## [Description of the task]
Exclude the pictures and repeat all of the data exactly.

## [Information provided]
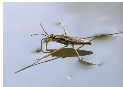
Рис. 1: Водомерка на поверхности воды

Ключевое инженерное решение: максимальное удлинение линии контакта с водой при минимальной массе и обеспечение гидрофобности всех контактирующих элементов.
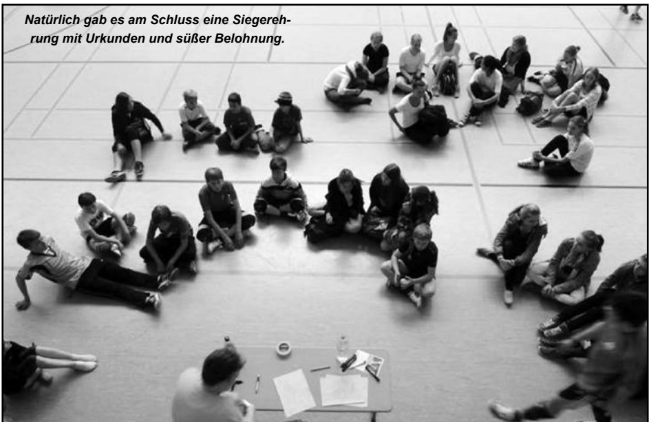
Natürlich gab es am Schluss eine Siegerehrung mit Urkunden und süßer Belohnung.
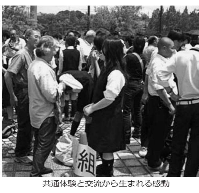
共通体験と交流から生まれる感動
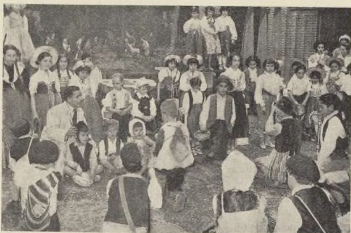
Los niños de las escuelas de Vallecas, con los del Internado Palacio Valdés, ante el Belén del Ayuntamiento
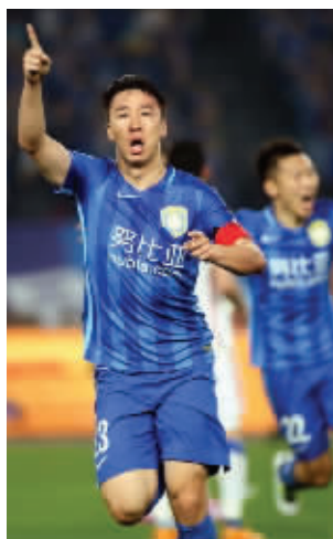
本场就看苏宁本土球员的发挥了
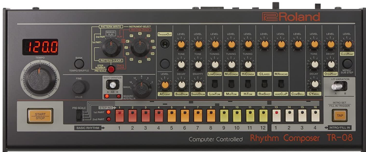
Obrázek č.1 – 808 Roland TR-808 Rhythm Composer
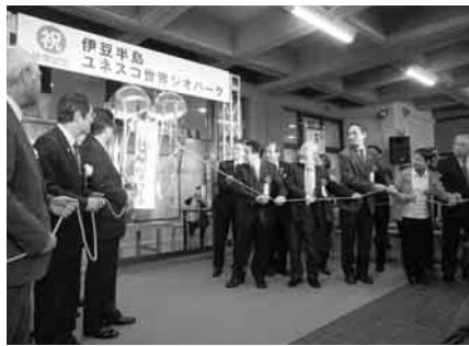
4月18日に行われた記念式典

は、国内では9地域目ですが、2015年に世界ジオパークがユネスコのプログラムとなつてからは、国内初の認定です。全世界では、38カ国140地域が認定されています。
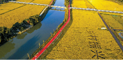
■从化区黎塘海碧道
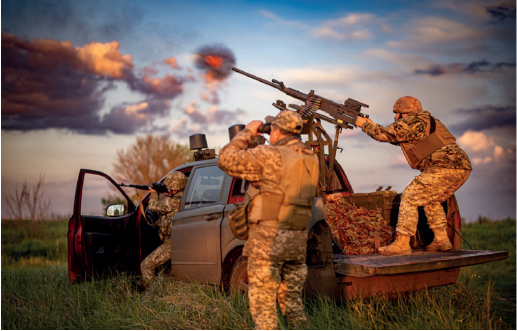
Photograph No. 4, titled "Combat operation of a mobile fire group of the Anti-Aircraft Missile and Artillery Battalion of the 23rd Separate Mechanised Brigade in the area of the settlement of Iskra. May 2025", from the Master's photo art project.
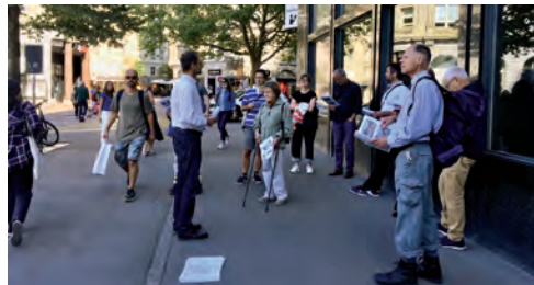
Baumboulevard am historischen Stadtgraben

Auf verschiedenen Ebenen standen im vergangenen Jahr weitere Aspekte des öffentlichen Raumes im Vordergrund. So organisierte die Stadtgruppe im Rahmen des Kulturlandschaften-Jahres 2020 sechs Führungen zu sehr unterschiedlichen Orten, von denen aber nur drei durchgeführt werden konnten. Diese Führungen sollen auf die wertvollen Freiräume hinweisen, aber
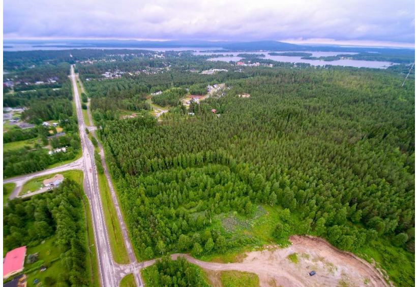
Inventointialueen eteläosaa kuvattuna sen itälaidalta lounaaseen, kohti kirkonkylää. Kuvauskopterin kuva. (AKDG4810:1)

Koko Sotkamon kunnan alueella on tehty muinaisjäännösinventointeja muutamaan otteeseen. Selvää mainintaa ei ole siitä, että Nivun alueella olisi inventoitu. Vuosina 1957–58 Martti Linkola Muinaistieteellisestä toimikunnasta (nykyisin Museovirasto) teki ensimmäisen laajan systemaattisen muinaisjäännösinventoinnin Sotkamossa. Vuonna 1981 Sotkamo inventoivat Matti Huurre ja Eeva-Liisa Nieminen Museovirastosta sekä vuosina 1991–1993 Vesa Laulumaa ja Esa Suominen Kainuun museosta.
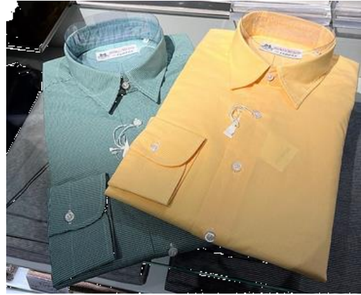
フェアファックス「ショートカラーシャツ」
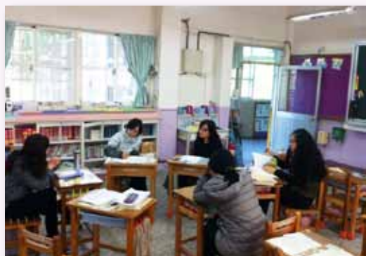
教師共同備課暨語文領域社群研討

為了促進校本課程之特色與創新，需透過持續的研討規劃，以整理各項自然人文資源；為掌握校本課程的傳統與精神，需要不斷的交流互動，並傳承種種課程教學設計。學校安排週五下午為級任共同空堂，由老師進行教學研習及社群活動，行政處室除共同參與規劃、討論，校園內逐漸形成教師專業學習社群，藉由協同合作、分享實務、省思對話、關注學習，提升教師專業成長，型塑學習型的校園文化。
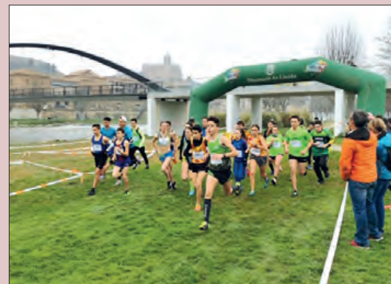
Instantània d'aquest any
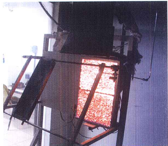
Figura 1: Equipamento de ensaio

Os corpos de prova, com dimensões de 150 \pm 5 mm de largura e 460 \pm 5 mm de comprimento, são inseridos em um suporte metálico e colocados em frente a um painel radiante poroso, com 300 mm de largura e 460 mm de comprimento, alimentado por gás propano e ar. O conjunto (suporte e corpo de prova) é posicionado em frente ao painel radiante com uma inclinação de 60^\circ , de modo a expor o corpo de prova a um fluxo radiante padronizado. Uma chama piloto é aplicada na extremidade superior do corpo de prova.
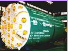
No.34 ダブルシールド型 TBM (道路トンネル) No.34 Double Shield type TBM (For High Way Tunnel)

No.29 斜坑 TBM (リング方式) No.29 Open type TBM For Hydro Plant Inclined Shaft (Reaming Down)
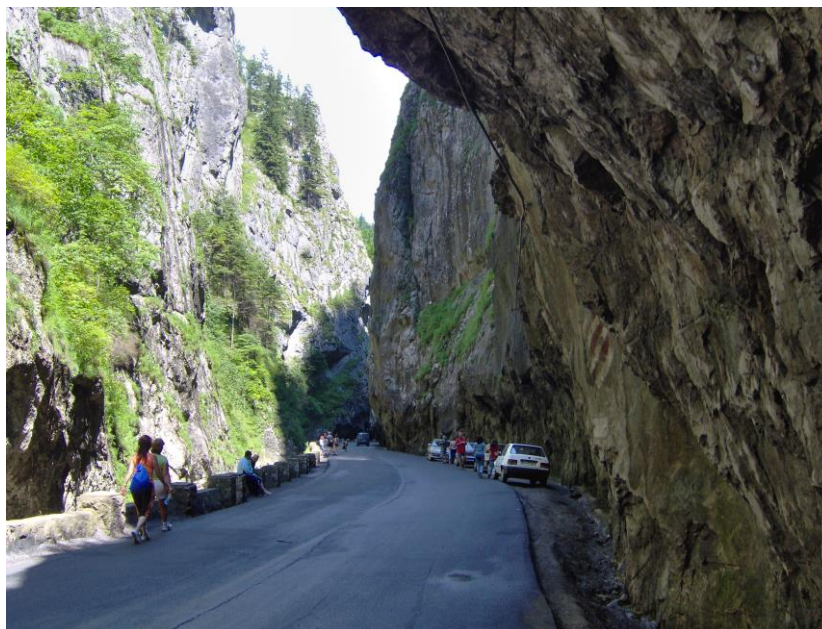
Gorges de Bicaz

## [Response box]
Рис. 1: Водомерка на поверхности воды

Ключевое инженерное решение: максимальное удлинение линии контакта с водой при минимальной массе и обеспечение гидрофобности всех контактирующих элементов.
Natürlich gab es am Schluss eine Siegerehrung mit Urkunden und süßer Belohnung.
共通体験と交流から生まれる感動
Los niños de las escuelas de Vallecas, con los del Internado Palacio Valdés, ante el Belén del Ayuntamiento
本场就看苏宁本土球员的发挥了
Obrázek č.1 – 808 Roland TR-808 Rhythm Composer
4月18日に行われた記念式典

は、国内では9地域目ですが、2015年に世界ジオパークがユネスコのプログラムとなつてからは、国内初の認定です。全世界では、38カ国140地域が認定されています。
■从化区黎塘海碧道
Photograph No. 4, titled "Combat operation of a mobile fire group of the Anti-Aircraft Missile and Artillery Battalion of the 23rd Separate Mechanised Brigade in the area of the settlement of Iskra. May 2025", from the Master's photo art project.
Baumboulevard am historischen Stadtgraben

Auf verschiedenen Ebenen standen im vergangenen Jahr weitere Aspekte des öffentlichen Raumes im Vordergrund. So organisierte die Stadtgruppe im Rahmen des Kulturlandschaften-Jahres 2020 sechs Führungen zu sehr unterschiedlichen Orten, von denen aber nur drei durchgeführt werden konnten. Diese Führungen sollen auf die wertvollen Freiräume hinweisen, aber
Inventointialueen eteläosaa kuvattuna sen itälaidalta lounaaseen, kohti kirkonkylää. Kuvauskopterin kuva. (AKDG4810:1)

Koko Sotkamon kunnan alueella on tehty muinaisjäännösinventointeja muutamaan otteeseen. Selvää mainintaa ei ole siitä, että Nivun alueella olisi inventoitu. Vuosina 1957–58 Martti Linkola Muinaistieteellisestä toimikunnasta (nykyisin Museovirasto) teki ensimmäisen laajan systemaattisen muinaisjäännösinventoinnin Sotkamossa. Vuonna 1981 Sotkamo inventoivat Matti Huurre ja Eeva-Liisa Nieminen Museovirastosta sekä vuosina 1991–1993 Vesa Laulumaa ja Esa Suominen Kainuun museosta.
フェアファックス「ショートカラーシャツ」
教師共同備課暨語文領域社群研討

為了促進校本課程之特色與創新，需透過持續的研討規劃，以整理各項自然人文資源；為掌握校本課程的傳統與精神，需要不斷的交流互動，並傳承種種課程教學設計。學校安排週五下午為級任共同空堂，由老師進行教學研習及社群活動，行政處室除共同參與規劃、討論，校園內逐漸形成教師專業學習社群，藉由協同合作、分享實務、省思對話、關注學習，提升教師專業成長，型塑學習型的校園文化。
Instantània d'aquest any
Figura 1: Equipamento de ensaio

Os corpos de prova, com dimensões de 150 \pm 5 mm de largura e 460 \pm 5 mm de comprimento, são inseridos em um suporte metálico e colocados em frente a um painel radiante poroso, com 300 mm de largura e 460 mm de comprimento, alimentado por gás propano e ar. O conjunto (suporte e corpo de prova) é posicionado em frente ao painel radiante com uma inclinação de 60^\circ , de modo a expor o corpo de prova a um fluxo radiante padronizado. Uma chama piloto é aplicada na extremidade superior do corpo de prova.
No.34 ダブルシールド型 TBM (道路トンネル) No.34 Double Shield type TBM (For High Way Tunnel)

No.29 斜坑 TBM (リング方式) No.29 Open type TBM For Hydro Plant Inclined Shaft (Reaming Down)
Gorges de Bicaz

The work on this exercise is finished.